Karl E. Peters

Dancing with the Sacred: Evolution, Ecology, and God

Contents

Review by Troy Dujardin, 2013

Review by Zachary Rodriguez, 2010

Review by Troy Dujardin, 2013

Dancing With the Sacred: Evolution, Ecology, and God.  By Karl E. Peters.  Trinity Press International, 2002.  171 pages.  $15.00.

 This is a very exciting book.  It is exciting to read, as emotionally evocative as any work of nonfiction I have read.  Peters’ grasp of precisely how to express the range and depth of feelings that he wants to evoke is unmatched.  There is no section that does not come across as genuine and heartfelt—Peters is not trying to convince us of something, but has opened himself up as one human being to others.  The result is that it is hard to read this book without feeling moved, even if there are sections of the story that are not entirely satisfying.  By the end there is very little to criticize—nothing, in terms of writing style, clarity, and power.  And that really is the core of this book, for Peters does not especially care to convince us of anything.  He is clear from the outset that he has come to this understanding of the sacred because the picture of the universe that he had been handed by his traditional religious upbringing no longer works for him.  In a universe best investigated by science, Peters needs an understanding of the sacred that is capable of moving him to feel the influence of God in his own life, to become a better person.  Not only should this worldview mesh with modern science, it should be fully informed by it, without becoming emotionally sterile.  For readers who do not feel a similar need, Peters might not have much to offer.  But for those who do, this book is a unique piece, as it does not suffer from any lack of real, emotional kick.  This book has it in spades.

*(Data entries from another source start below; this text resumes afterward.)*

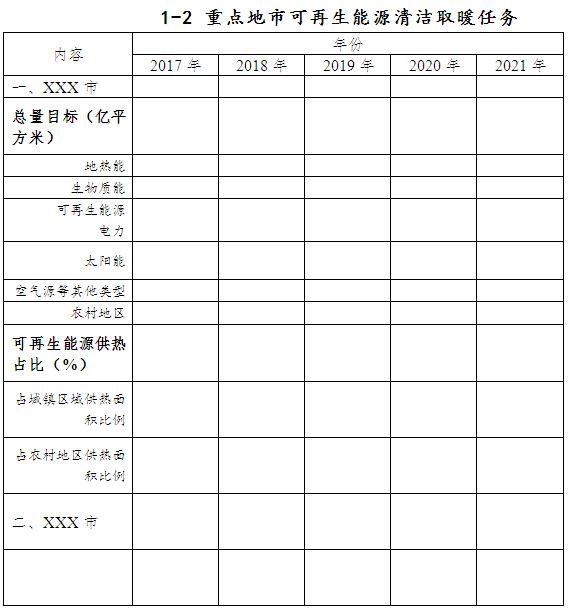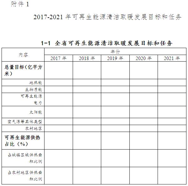 附件:1. 2017-2021年可再生能源清潔取暖發(fā)展目標(biāo)和任務(wù)
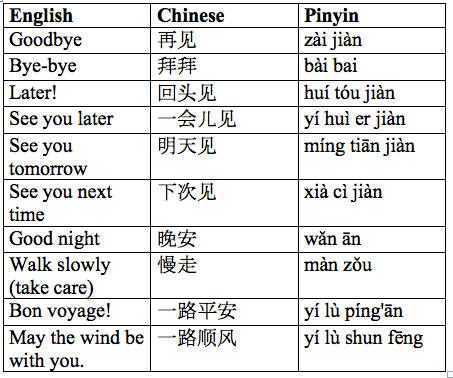 Here are ten Chinese goodbyes, with English, Chinese characters, and pinyin transliteration:
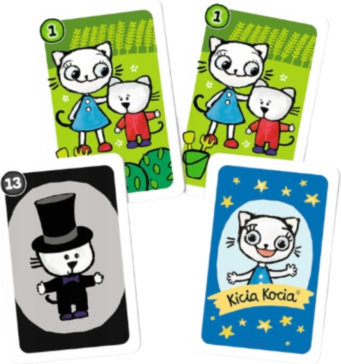 Ce set de cartes joyeusement illustrées avec des motifs KICIA KOCIA est conçu pour les tout-petits – aussi bien pour les débutants que pour les enfants qui connaissent déjà bien les règles. Grâce à son format léger et compact, vous pouvez l’emporter facilement en voyage, en visite ou lors de rencontres entre amis.
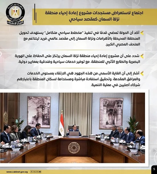كما عقد رئيس الوزراء اجتماعًا لاستعراض مستجدات مشروع إعادة إحياء منطقة نزلة السمان كمقصد سياحي، مؤكدًا أن الدولة تمضي قدمًا في تنفيذ "مخطط سياحي متكامل" يستهدف تحويل المنطقة المحيطة بالأهرامات ونزلة السمان إلى مقصد عالمي فريد، مُشددًا أن المشروع يرتكز على الحفاظ على الهوية البصرية والطابع الأثري للمنطقة، مع توفير خدمات سياحية وفندقية بمعايير دولية، إلى جانب الارتقاء بمستوى الخدمات والمرافق المقدمة، وتحقيق استفادة مباشرة ومستدامة لسكان المنطقة باعتبارهم شركاء أصليين في عملية التنمية.
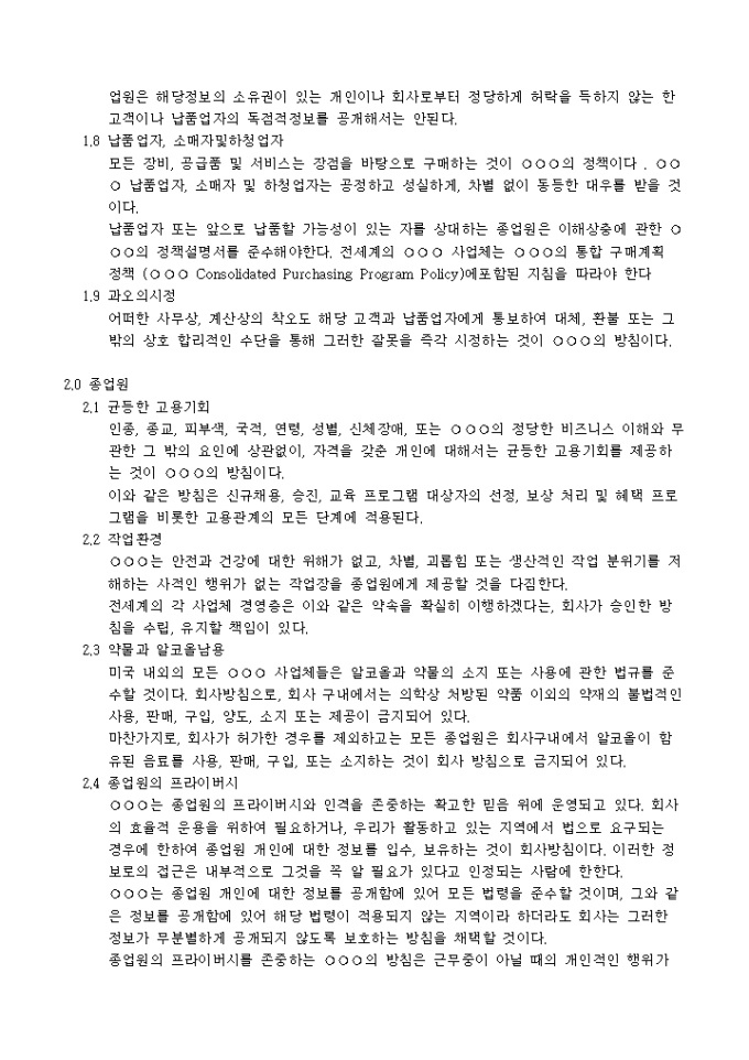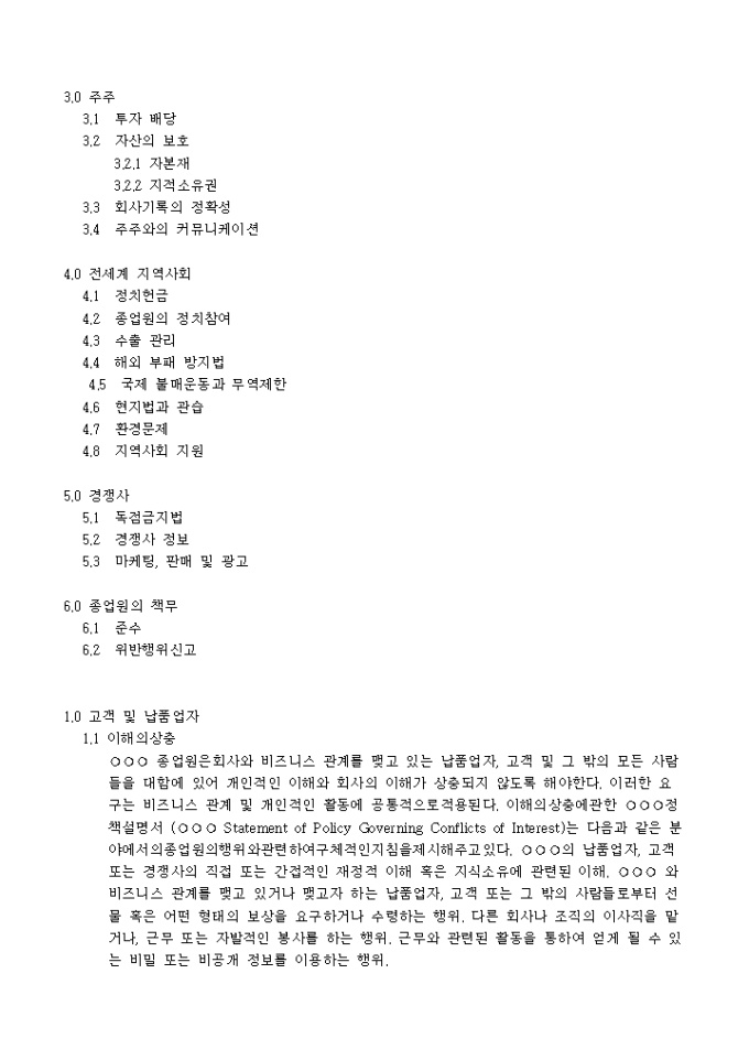 1.0 고객 및 납품업자

So where this book is successful, I will say no more.  It speaks for itself better than I could hope to speak for it.  But some space for criticism does open up in relation to three central themes that are not addressed to completion.  I should state outright that these are not sections where Peters has gotten anything completely wrong.  Rather, they are places where his intuitions seem to be right, but he just doesn’t push hard enough against the niggling doubts that are likely to trouble the sorts of readers who might devote their thoughts to the kinds of problems discussed in this book.  I will explain what I mean, but a brief glance at Peters’ worldview (which he calls a thought experiment, so perhaps the metaphysics need not be taken too literally) will be helpful.

As the title indicates, Peters wants us to learn to dance with the sacred.  He thus wants to appropriate the concept of a god who creates and sustains the universe, but to keep it impersonal in accordance with naturalism.  To accomplish this, he borrows Gordon Kaufman’s expression, “serendipitous creativity” (35).  This kind of god is neither a thing, nor a person, but a process, a creative force that makes possible the rise and fall of order in the universe.  It is thus both transcendent, in the sense of creative potentiality, and immanent, insofar as it is clearly observable at work and acts only through other things that exist; this god is in the world, but more than the world.  We human beings are now obviously going to need some good metaphors to make sense of this god, and Peters favors one in particular: god dances.

With this, we can readily consider the several points on which Peters has come up short.  There are three points in particular that stand out: the epistemology of error and mistake, a sort of pragmatic fallibilism; the concerns about increasing technological domination and destruction of the world as the results of the growing global village; and the problem of suffering, what it should tell us about our attitudes toward technology, and whether nature really represents an object worthy of worshipful devotion, as opposed to just awestruck reverence.  In addition to these three major points, there are several small, scattered points of criticism throughout the book.  For example, when he talks briefly about the nature of value in a universe without a personal god, he finds that everything natural has inherent value, as everything natural participates in the dance.  I wouldn’t debate the attractiveness of this position, but he seems to overreach with his premise, “If it can value, it is intrinsically valuable” (65).  This statement doesn’t warrant too much argumentation, since the outcome of this stance on value is mostly desirable, but the language of intrinsic or innate value is irksome, and perhaps misleading.  Small quibbles like this pop up occasionally, but it is usually a simple matter to set them aside in favor of allowing oneself just to get the larger point.  So let us take each of the three primary concerns in turn, as they are not so easily ignored.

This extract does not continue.